------ Records provided ------
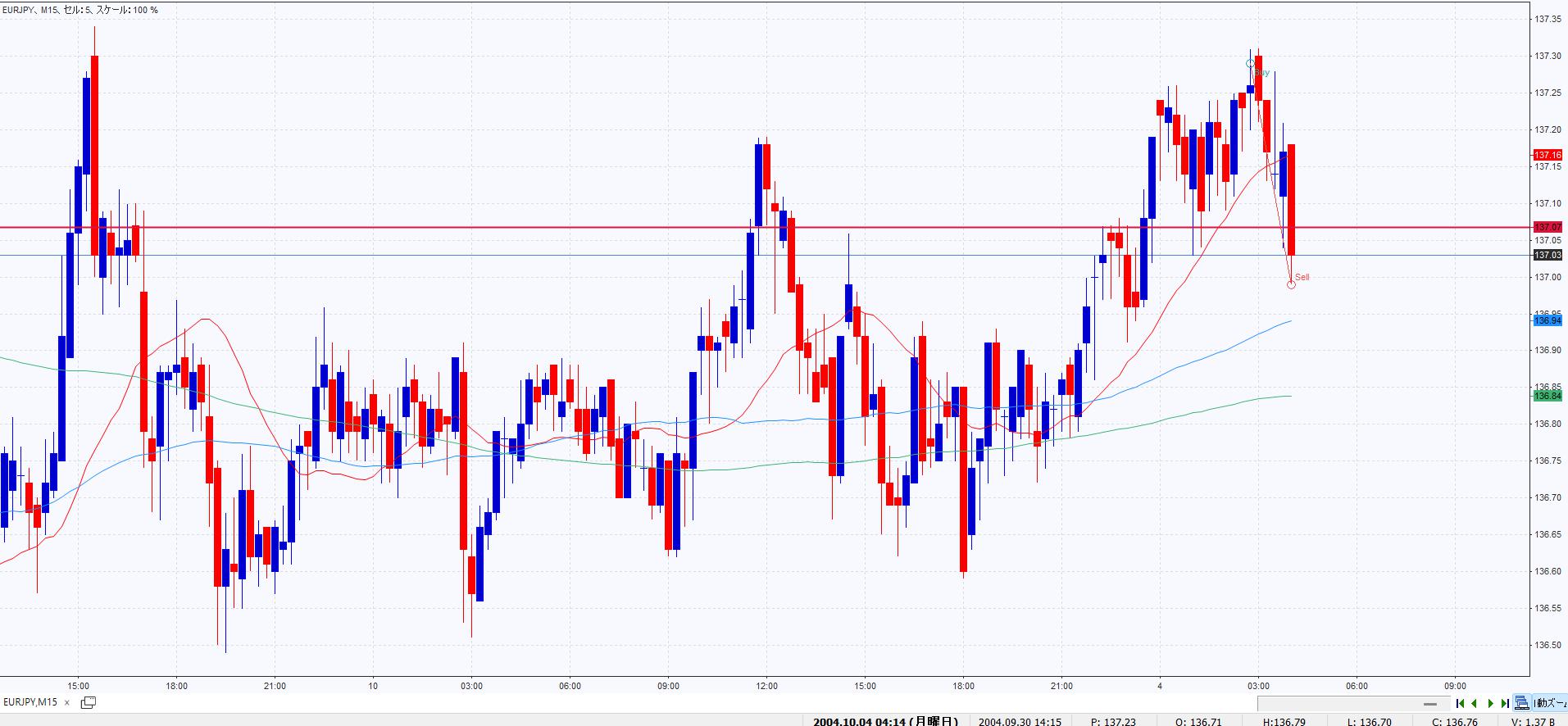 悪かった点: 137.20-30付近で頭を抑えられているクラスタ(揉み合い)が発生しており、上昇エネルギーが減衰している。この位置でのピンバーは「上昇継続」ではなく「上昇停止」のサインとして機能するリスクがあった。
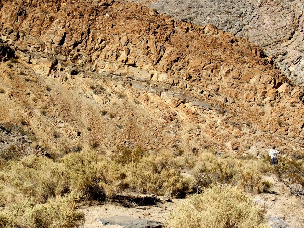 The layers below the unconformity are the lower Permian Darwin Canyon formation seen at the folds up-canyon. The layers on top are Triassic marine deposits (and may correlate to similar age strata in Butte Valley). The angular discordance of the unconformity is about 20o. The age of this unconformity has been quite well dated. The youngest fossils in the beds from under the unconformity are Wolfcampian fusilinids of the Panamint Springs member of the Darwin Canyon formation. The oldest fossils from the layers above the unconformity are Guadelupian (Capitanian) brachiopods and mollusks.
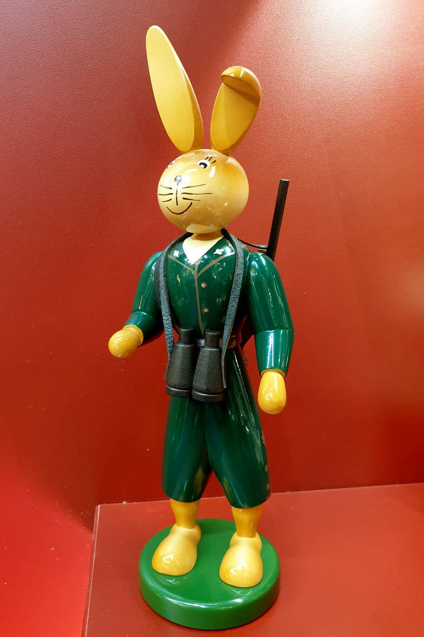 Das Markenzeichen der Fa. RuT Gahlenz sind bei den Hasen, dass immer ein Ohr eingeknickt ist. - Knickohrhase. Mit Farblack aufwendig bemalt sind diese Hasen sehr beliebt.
------
------ Records provided ------
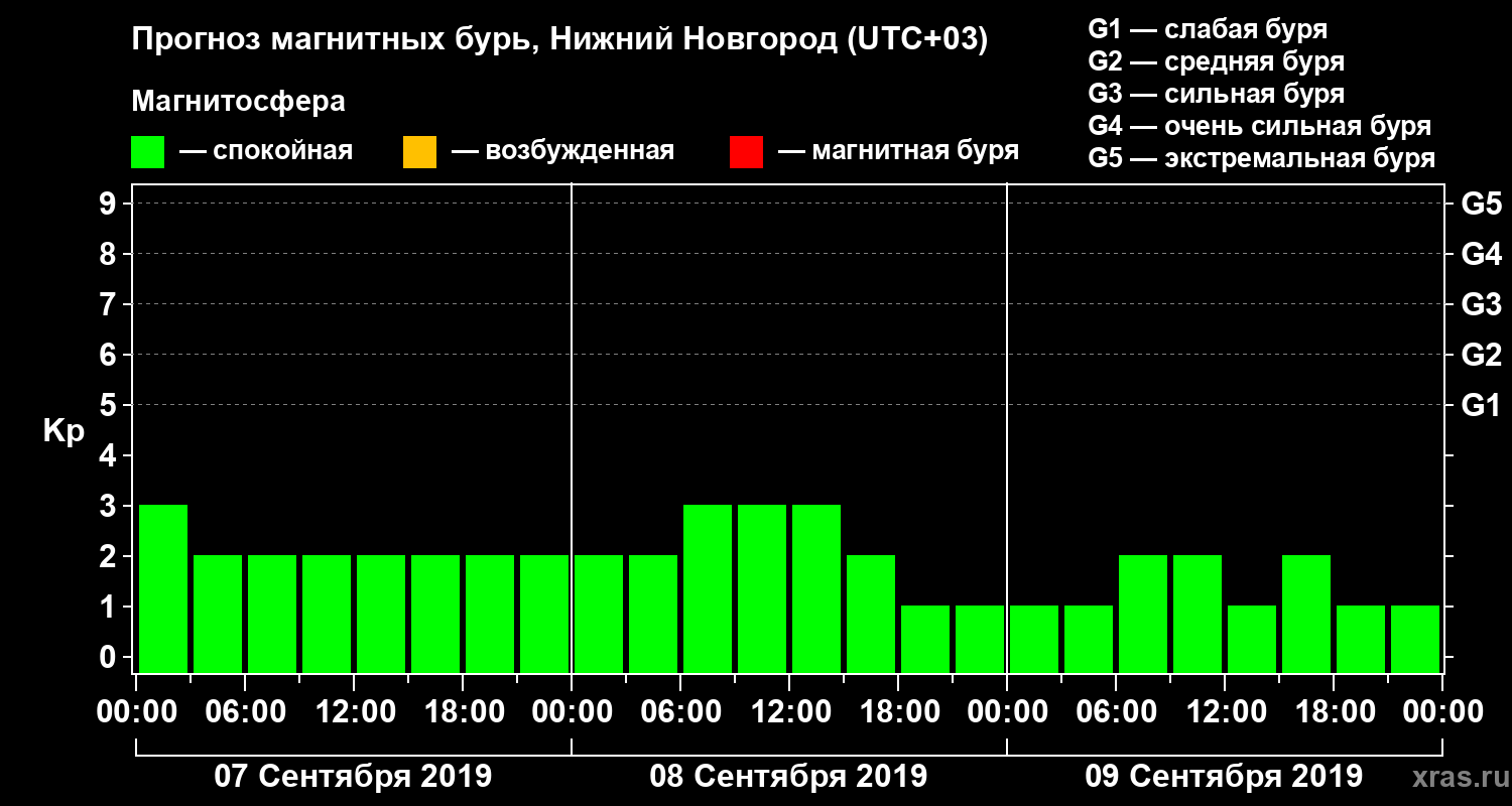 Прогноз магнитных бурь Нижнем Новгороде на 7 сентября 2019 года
------
------ Records provided ------
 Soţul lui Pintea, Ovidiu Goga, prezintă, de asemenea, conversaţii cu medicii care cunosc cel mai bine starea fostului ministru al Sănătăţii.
------
* **Task item**: Leave the pictures out, and transcribe exactly the lines above starting at the one that contains "The layers below" and ending at the one that contains "Das Markenzeichen der".

* **Output of the exercise**:
 The layers below the unconformity are the lower Permian Darwin Canyon formation seen at the folds up-canyon. The layers on top are Triassic marine deposits (and may correlate to similar age strata in Butte Valley). The angular discordance of the unconformity is about 20o. The age of this unconformity has been quite well dated. The youngest fossils in the beds from under the unconformity are Wolfcampian fusilinids of the Panamint Springs member of the Darwin Canyon formation. The oldest fossils from the layers above the unconformity are Guadelupian (Capitanian) brachiopods and mollusks.
 Das Markenzeichen der Fa. RuT Gahlenz sind bei den Hasen, dass immer ein Ohr eingeknickt ist. - Knickohrhase. Mit Farblack aufwendig bemalt sind diese Hasen sehr beliebt.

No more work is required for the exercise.